---------- Given records ----------

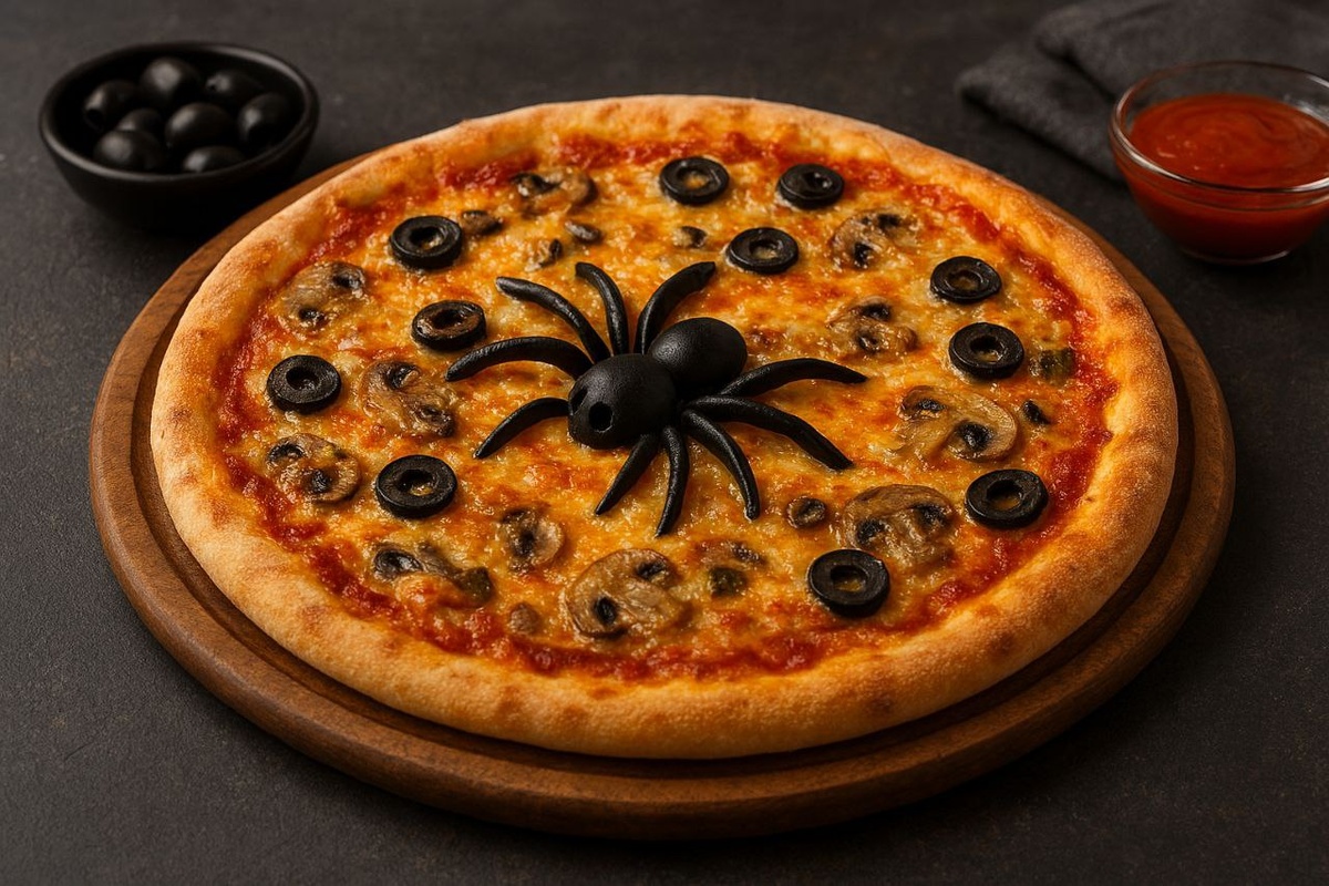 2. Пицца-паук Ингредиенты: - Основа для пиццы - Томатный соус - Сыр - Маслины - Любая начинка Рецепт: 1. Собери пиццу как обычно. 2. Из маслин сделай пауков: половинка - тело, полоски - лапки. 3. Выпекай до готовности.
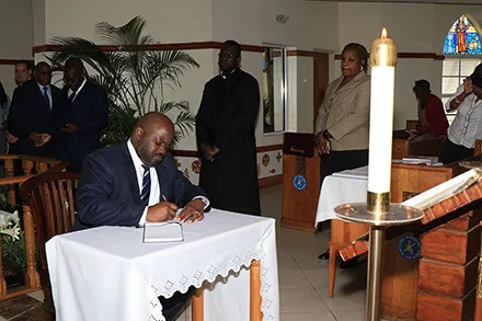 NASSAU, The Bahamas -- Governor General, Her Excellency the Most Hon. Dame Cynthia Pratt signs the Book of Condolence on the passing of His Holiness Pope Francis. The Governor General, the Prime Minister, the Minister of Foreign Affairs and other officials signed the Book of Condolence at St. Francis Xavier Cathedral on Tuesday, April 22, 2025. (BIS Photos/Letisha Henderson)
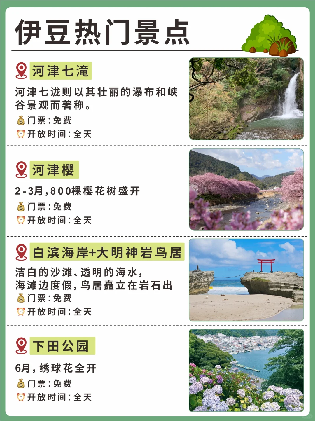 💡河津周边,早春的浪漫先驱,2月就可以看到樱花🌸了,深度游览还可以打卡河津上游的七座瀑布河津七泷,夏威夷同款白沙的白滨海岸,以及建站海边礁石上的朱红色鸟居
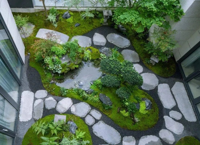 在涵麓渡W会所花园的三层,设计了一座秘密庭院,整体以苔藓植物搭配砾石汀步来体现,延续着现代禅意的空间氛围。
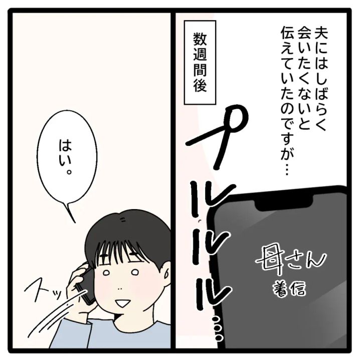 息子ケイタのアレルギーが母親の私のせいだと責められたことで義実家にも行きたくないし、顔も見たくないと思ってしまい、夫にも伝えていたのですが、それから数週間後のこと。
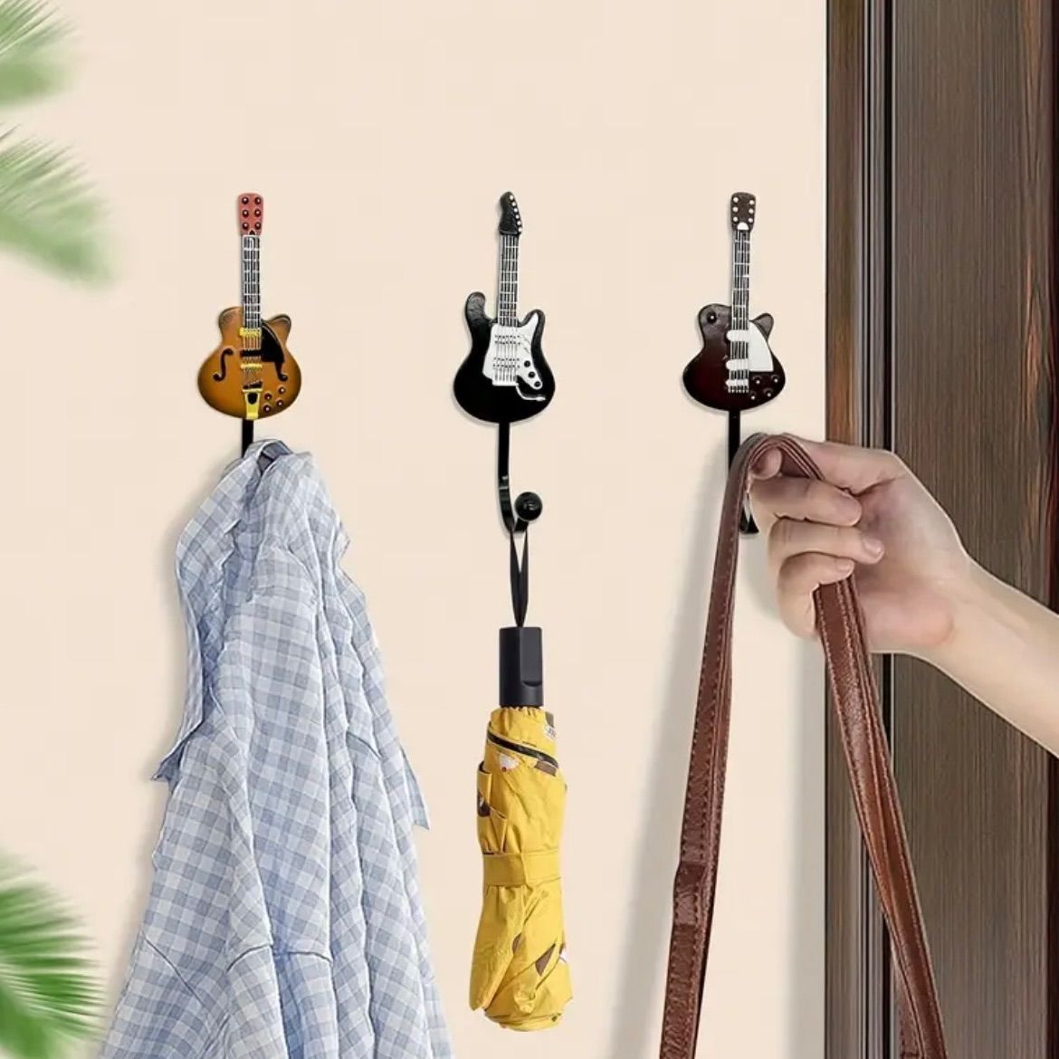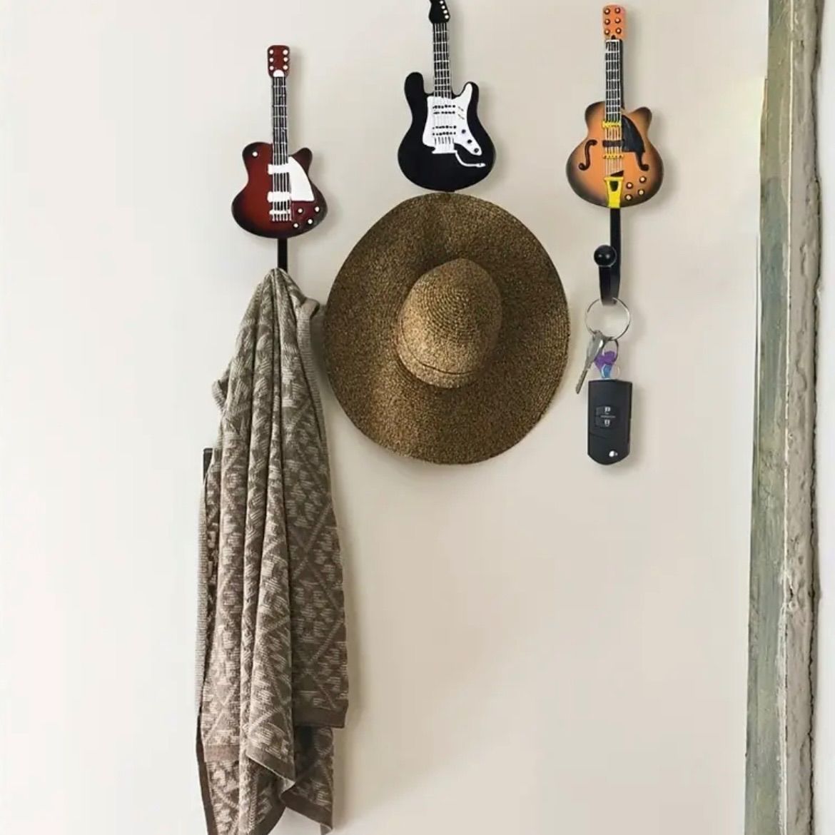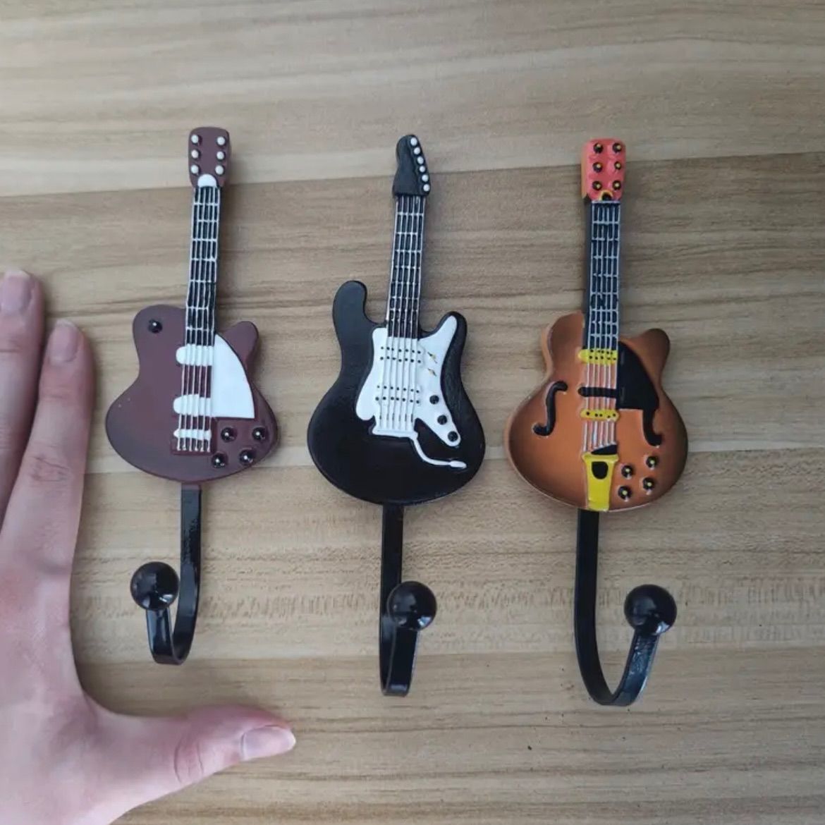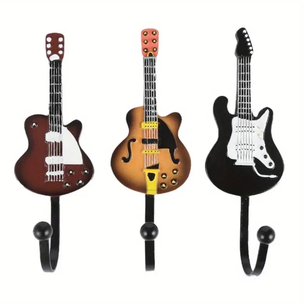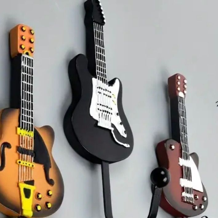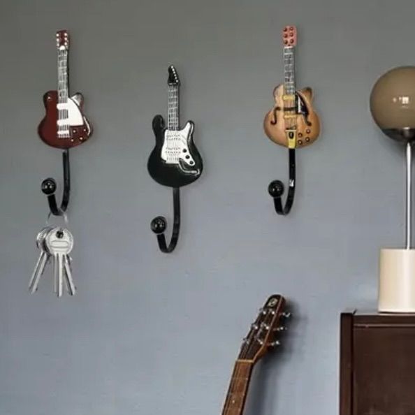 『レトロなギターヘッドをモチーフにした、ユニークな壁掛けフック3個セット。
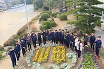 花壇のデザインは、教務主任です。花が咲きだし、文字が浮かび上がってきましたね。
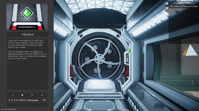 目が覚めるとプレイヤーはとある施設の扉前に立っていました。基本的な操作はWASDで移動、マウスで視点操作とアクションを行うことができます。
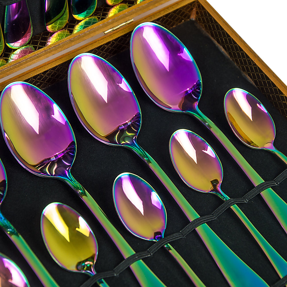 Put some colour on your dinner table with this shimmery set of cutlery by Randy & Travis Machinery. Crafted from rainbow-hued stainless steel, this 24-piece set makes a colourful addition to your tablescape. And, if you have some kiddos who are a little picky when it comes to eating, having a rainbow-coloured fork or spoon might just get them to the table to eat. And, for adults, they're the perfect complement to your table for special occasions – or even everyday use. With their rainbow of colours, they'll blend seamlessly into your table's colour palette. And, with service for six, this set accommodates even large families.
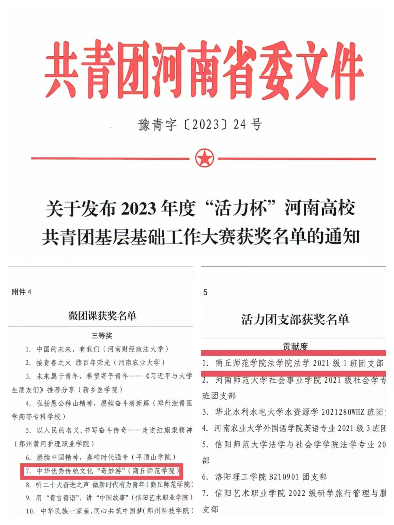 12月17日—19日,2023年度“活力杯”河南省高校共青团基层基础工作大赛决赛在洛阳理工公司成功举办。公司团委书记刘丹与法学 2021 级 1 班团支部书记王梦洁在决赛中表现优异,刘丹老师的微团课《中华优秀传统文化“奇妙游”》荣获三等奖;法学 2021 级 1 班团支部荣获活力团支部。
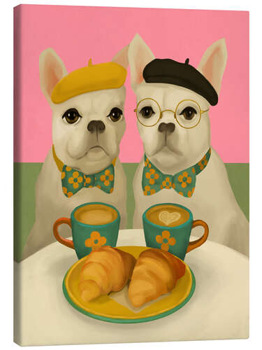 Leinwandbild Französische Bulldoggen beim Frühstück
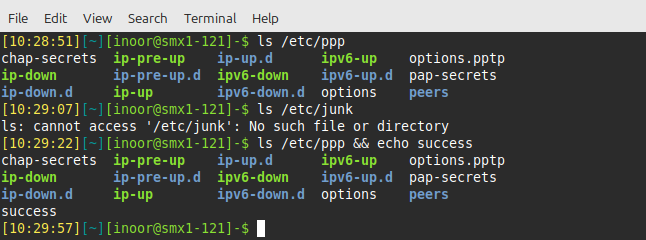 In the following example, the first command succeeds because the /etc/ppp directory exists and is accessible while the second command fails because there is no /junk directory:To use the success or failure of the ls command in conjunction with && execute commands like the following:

----------

● How to complete this task:
Above are the records; repeat their lines from the first through the line containing "目が覚めるとプレイヤーはとあ", and leave out each picture.

● Exercise response:
 2. Пицца-паук Ингредиенты: - Основа для пиццы - Томатный соус - Сыр - Маслины - Любая начинка Рецепт: 1. Собери пиццу как обычно. 2. Из маслин сделай пауков: половинка - тело, полоски - лапки. 3. Выпекай до готовности.
 NASSAU, The Bahamas -- Governor General, Her Excellency the Most Hon. Dame Cynthia Pratt signs the Book of Condolence on the passing of His Holiness Pope Francis. The Governor General, the Prime Minister, the Minister of Foreign Affairs and other officials signed the Book of Condolence at St. Francis Xavier Cathedral on Tuesday, April 22, 2025. (BIS Photos/Letisha Henderson)
 💡河津周边,早春的浪漫先驱,2月就可以看到樱花🌸了,深度游览还可以打卡河津上游的七座瀑布河津七泷,夏威夷同款白沙的白滨海岸,以及建站海边礁石上的朱红色鸟居
 在涵麓渡W会所花园的三层,设计了一座秘密庭院,整体以苔藓植物搭配砾石汀步来体现,延续着现代禅意的空间氛围。
 息子ケイタのアレルギーが母親の私のせいだと責められたことで義実家にも行きたくないし、顔も見たくないと思ってしまい、夫にも伝えていたのですが、それから数週間後のこと。
 『レトロなギターヘッドをモチーフにした、ユニークな壁掛けフック3個セット。
 花壇のデザインは、教務主任です。花が咲きだし、文字が浮かび上がってきましたね。
 目が覚めるとプレイヤーはとある施設の扉前に立っていました。基本的な操作はWASDで移動、マウスで視点操作とアクションを行うことができます。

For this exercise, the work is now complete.